Maybe it's worth mentioning that package B also links package A.
Edit: Solved it using npm link A B
Upvotes: 18
Views: 2418
Reputation: 691
i have a similar problem, with a dozen modules, i ended up using mock-require
i made a little module that traverses the directory containing all my modules, and mocks all of them
this is the module, lets call it "@my-scope/mockModules"
const fs = require("fs-extra")
const path = require("path")
const mockRequire = require("mock-require")
// traverse directories,skipping "node_modules"
function traverseDir(directory, options, callback) {
const files = fs.readdirSync(directory)
for(const file of files) {
const filepath = path.join(directory, file)

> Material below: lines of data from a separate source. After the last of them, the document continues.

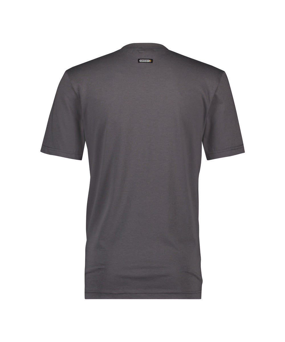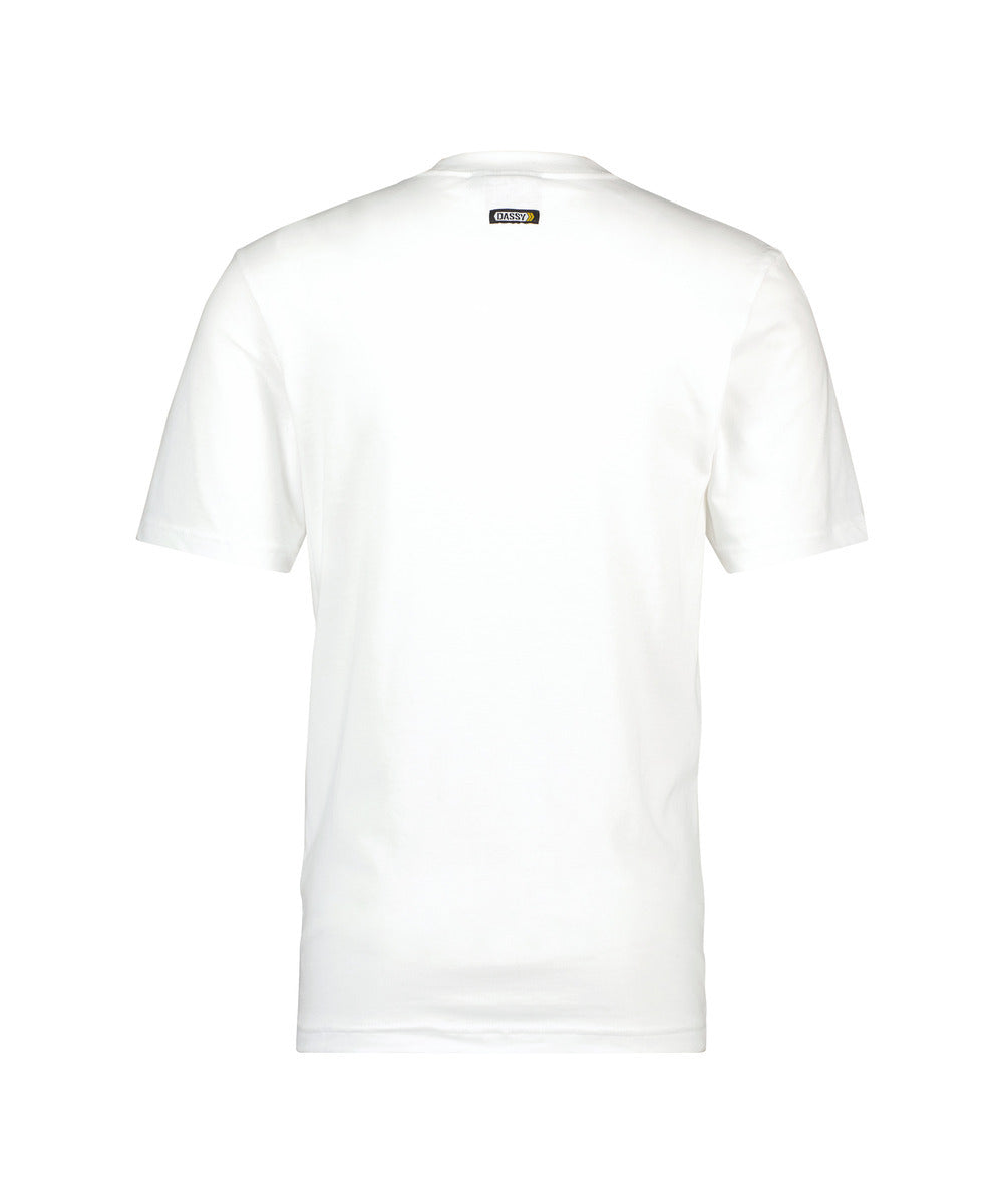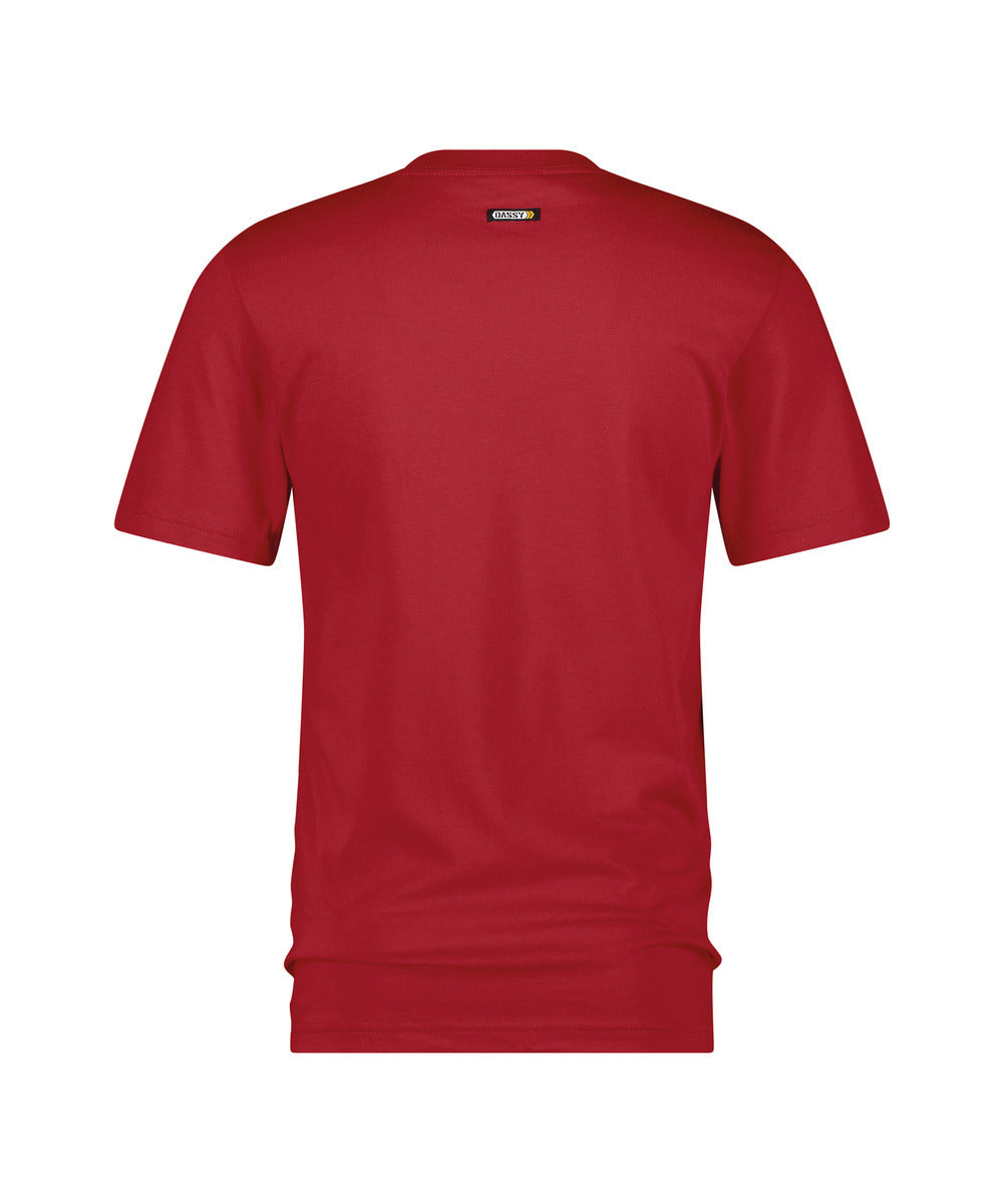Dieses DASSY T-Shirt hat kurze Ärmel und einen runden Halsausschnitt mit Nackenband. Von Schulter zu Schulter ist das T-Shirt zusätzlich verstärkt.Am Kragen, den Ärmeln und dem Bund befindet sich eine doppelnaht.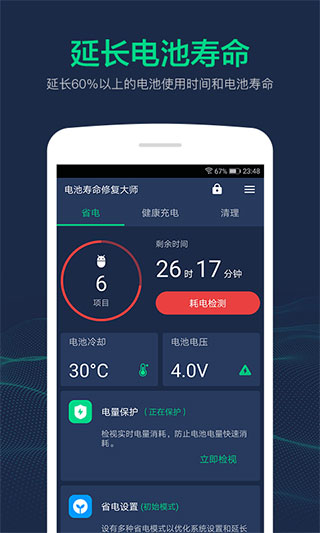 电池寿命修复大师是一款适用于android平台上的手机电池修复工具,旨在帮助用户更好的管理自己的手机电池。用户只需要坚持对电池进行检测和修复,无论你是用电源充电器还是充电宝充电,都能有效对安卓手机和平板用户延长60%以上的电池使用时间和电池寿命。该软件还能实时检测当前手机的充电状态,会自动执行专业的充电加速程序,使充电速度大大提升,节省了用户的充电时间并最大程度的延长了手机电池的使用寿命,是你手机贴身的电池管家。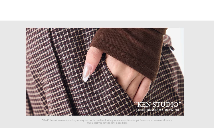 KEN STUDIO Thu Đông Mới Phong Cách Vintage Quần Kẻ Sọc Nữ Phong Cách Old Money Thiết Kế Quần Ống Rộng Dáng Rộng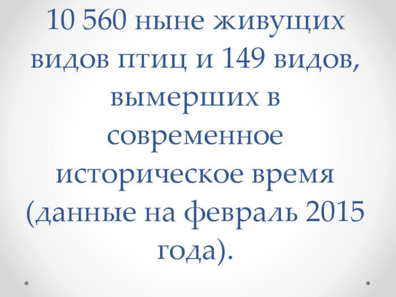 Слайд 2Класс Птицы включает 10 560 ныне живущих видов птиц и 149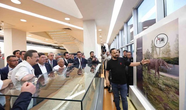 Büyükkılıç, Tunç, Elitaş ve Ataş ile beraberlerindeki heyet, Kayseri'nin Yamula Barajı çevresindeki kazılardan çıkarılan 7,5 milyon yıllık fosillerin yer aldığı sergide Uzman Antropolog Ömer Dağ'dan fosiller hakkında detaylı bilgi aldı. Sergiyi ilgiyle gezen Bakan Tunç, fosilleri yakından inceledi.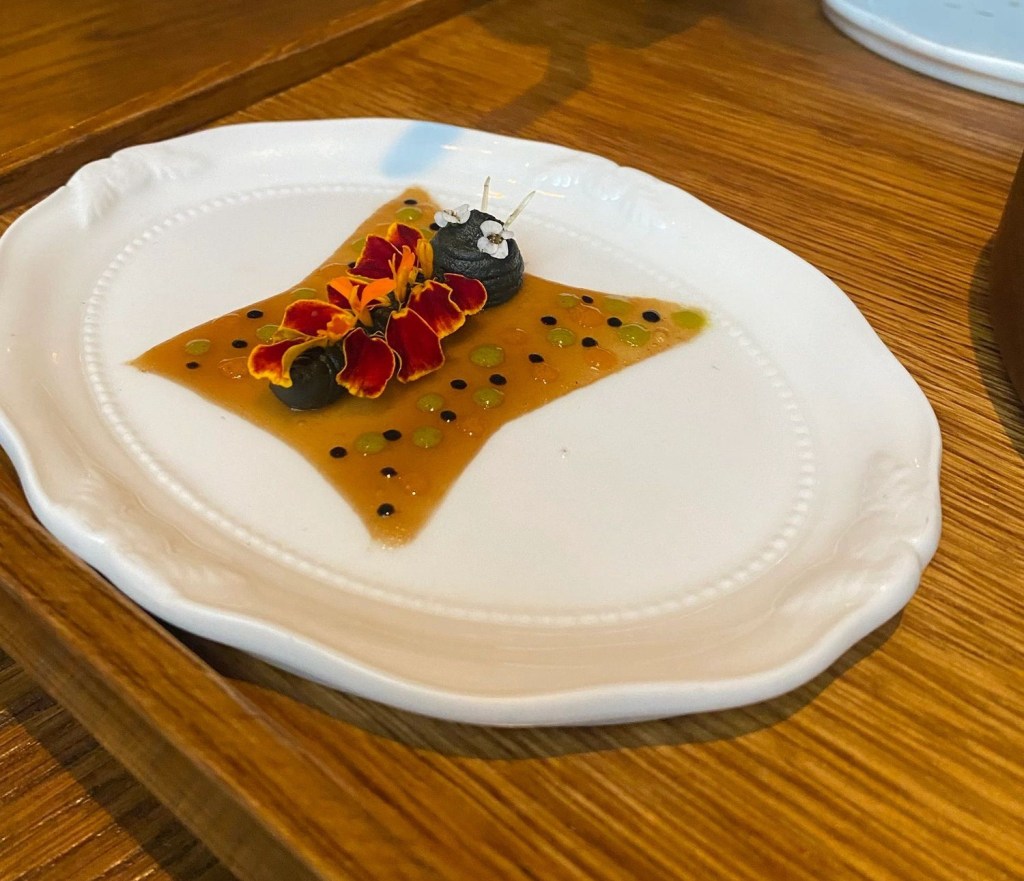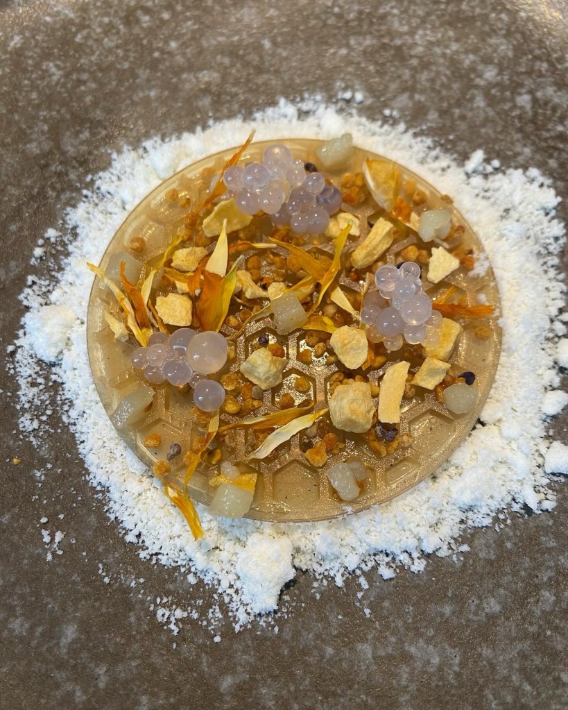 Queda aún, estamos dispuestos, “mancheguidad” absoluta de queso, miel y romero que es cuajada en el kamado para tener toques ahumados, un panal de miel con esferas de limón, maracuyá y flor de caléndula, con al añadido del frescor de un polvo helado de queso al romero. Dos grandes postres de pocos ingrediente, pero hechos, como si fueran palabras, en todas sus declinaciones/preparaciones.

const stat = fs.statSync(filepath)
if (stat.isDirectory()) {
if (options.exclude_folders === undefined || options.exclude_folders.indexOf(file) === -1) {
traverseDir(filepath, options, callback)
}
} else {
callback(file, filepath, directory)
}
}
}
// read all packages, to check if the module is in my scope
function getPackages(root) {
const packages = []
traverseDir(root, {
exclude_folders: ["node_modules"]
}, (name, path, directory) => {
if(name === "package.json") {
try {
const content = require(path)
packages.push({
path,
directory,
content
})
} catch(error) {
console.error(`could not open ${path}`)
}
}
})
return packages
}
// get an array of all packages, and paths for the modules in my scope, mock them using mock-require
function mockModules(rootFolder, scope) {
let packages = getPackages(`${__dirname.split(rootFolder)[0]}${rootFolder}`)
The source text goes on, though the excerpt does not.